Oh she would. You see her when she walks into class. She is like " do you see me aren't I beautiful".


----------



## StaffyDaddy (Mar 28, 2009)

MY MIKADO said:


> Oh she would. You see her when she walks into class. She is like " do you see me aren't I beautiful".

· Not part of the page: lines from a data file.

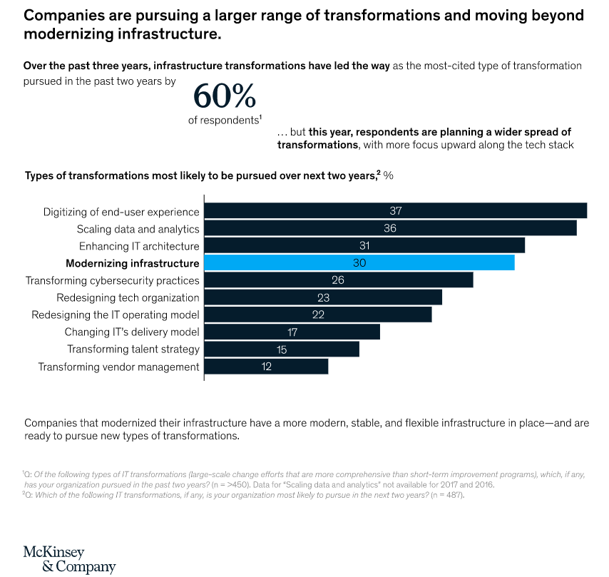 - Is transforming your company’s tech one of the top two priorities in your C-suite? If not, why not?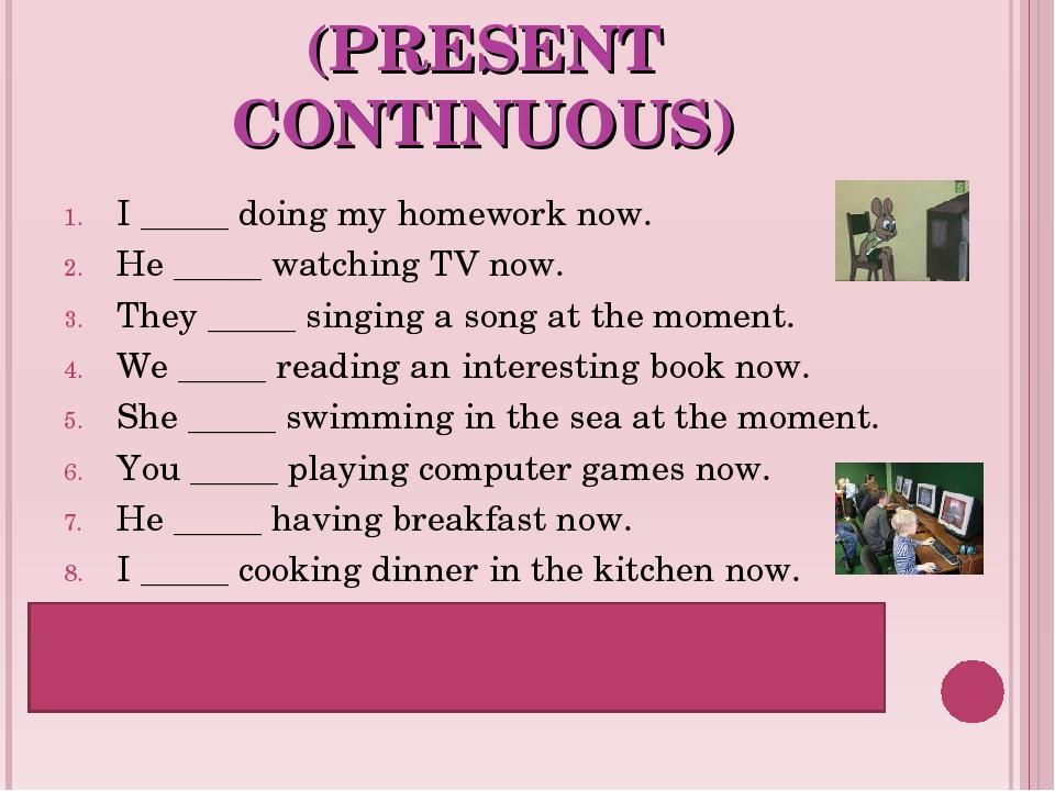 1.I am swimming now; 6.My grandma is waiting for me in the park now.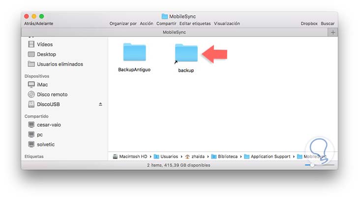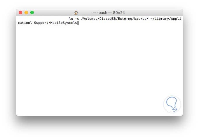 ln -s /Volumes/DiscoUSB/Externo/Backup/~/Library/Application\ Support/MobileSyncDebes tener en cuenta que tienes que cambiar el nombre de la unidad externa (en nuestro caso discoUSB ) y la ruta de la carpeta que hemos creado (en nuestro caso Externo/backup). Se debe modificar según los nombres que tu hayas asignado al dispositivo externo y a la carpeta dedicada al backup.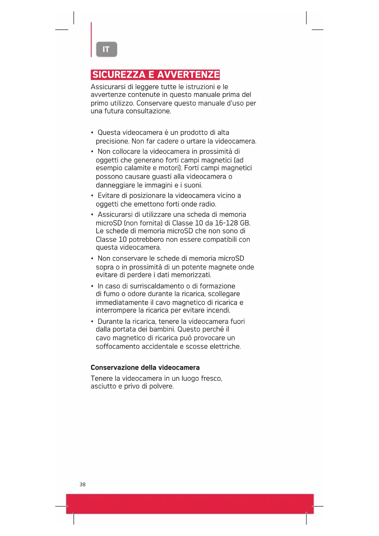 - Durante la ricarica, tenere la videocamera fuori alla portata dei bambini. Questo perché il cavo magnetico di ricarica può provocare un soffocamento accidentale e scisse elettriche.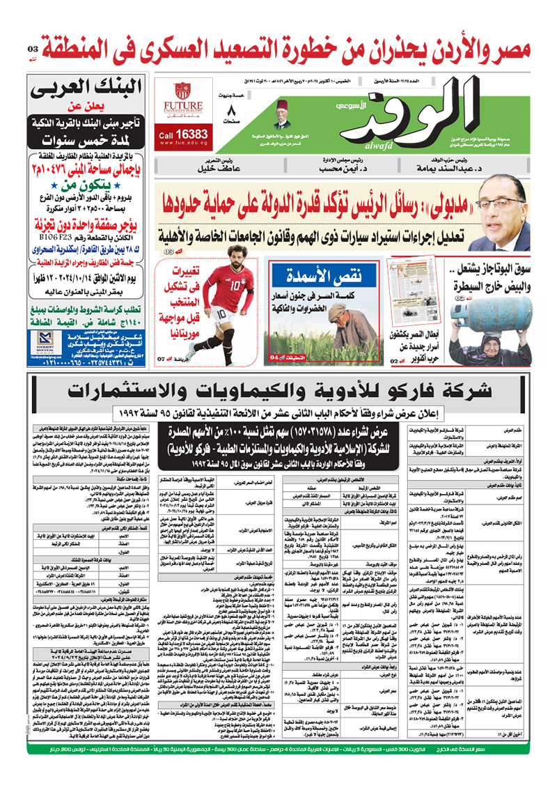 تنشر جريدة الوفد في عددها الصادر، غدًا الخميس، الكثير من الموضوعات والتقارير الإخبارية المهمة، أبرزها: "مصر والأردن يحذران من خطورة التصعيد العسكري في المنطقة".

Ha alot more graceful then my chino, he always bumps into something LOL

and YESSS she is beautiful


----------



## MY MIKADO (Apr 7, 2006)

Thank you!!!


----------



## hell no they wont go (Oct 4, 2007)

shes looken very good! its still hard to believe she isnt a year yet.


----------



## pitbullgirl22 (Jul 27, 2008)

As usual V is gorgeous!


----------



## Patch-O-Pits (Jan 12, 2008)

She certainly is growing up to be gorgeous!


----------



## Mrs. OTRP (Sep 28, 2009)

Very nice pictures, she sure loves the camera


----------



## mygirlmaile (Mar 26, 2009)

Gah. V is so gorgeous. Im so inspired too! I think Im going to do that with my dogs next year and then make a calender for the year after. Your ideas are so fun!!! 

Good job, as always. 

And I agree with OZ, I cant believe shes 11 months!!!! Tell her to quit growing up dangit!


----------



## American_Pit13 (Apr 23, 2007)

Oh look how she is maturing! Adorable and Precious!


----------



## MY MIKADO (Apr 7, 2006)

Thank you all.


----------



## DueceAddicTed (Sep 28, 2009)

those are some pretty pix of V ... loving how she has that all eyes on me look ....


----------



## Marty (Dec 10, 2005)

Great pics Thanks for sharing


----------



## sloenuf (Sep 7, 2009)

great looking dog. nice pic idea.


----------



## MY MIKADO (Apr 7, 2006)

Thank you. I'm so in love with this girl. She is a great dog.


----------



## smokey_joe (Oct 14, 2005)

I love V and all her pics. You can put her next to any background, and she just stands out. She's so hot.


----------



## itszikki (Oct 18, 2009)

LoL. I like the theme. She's a pretty girl.


----------



## texpitbull2 (Aug 13, 2007)

wow can i have her she is a buea


----------



## reddoggy (Jan 31, 2008)

OMG OMG OMG!!!!!!! She's so friggin' cute! I wish I could ALWAYS get photos like these!


----------



## MY MIKADO (Apr 7, 2006)

Awwwww you make Vendetta blush...... Thanks Jon and Nick.


----------



## OldFortKennels (Mar 10, 2006)

Ha those are great shots!


----------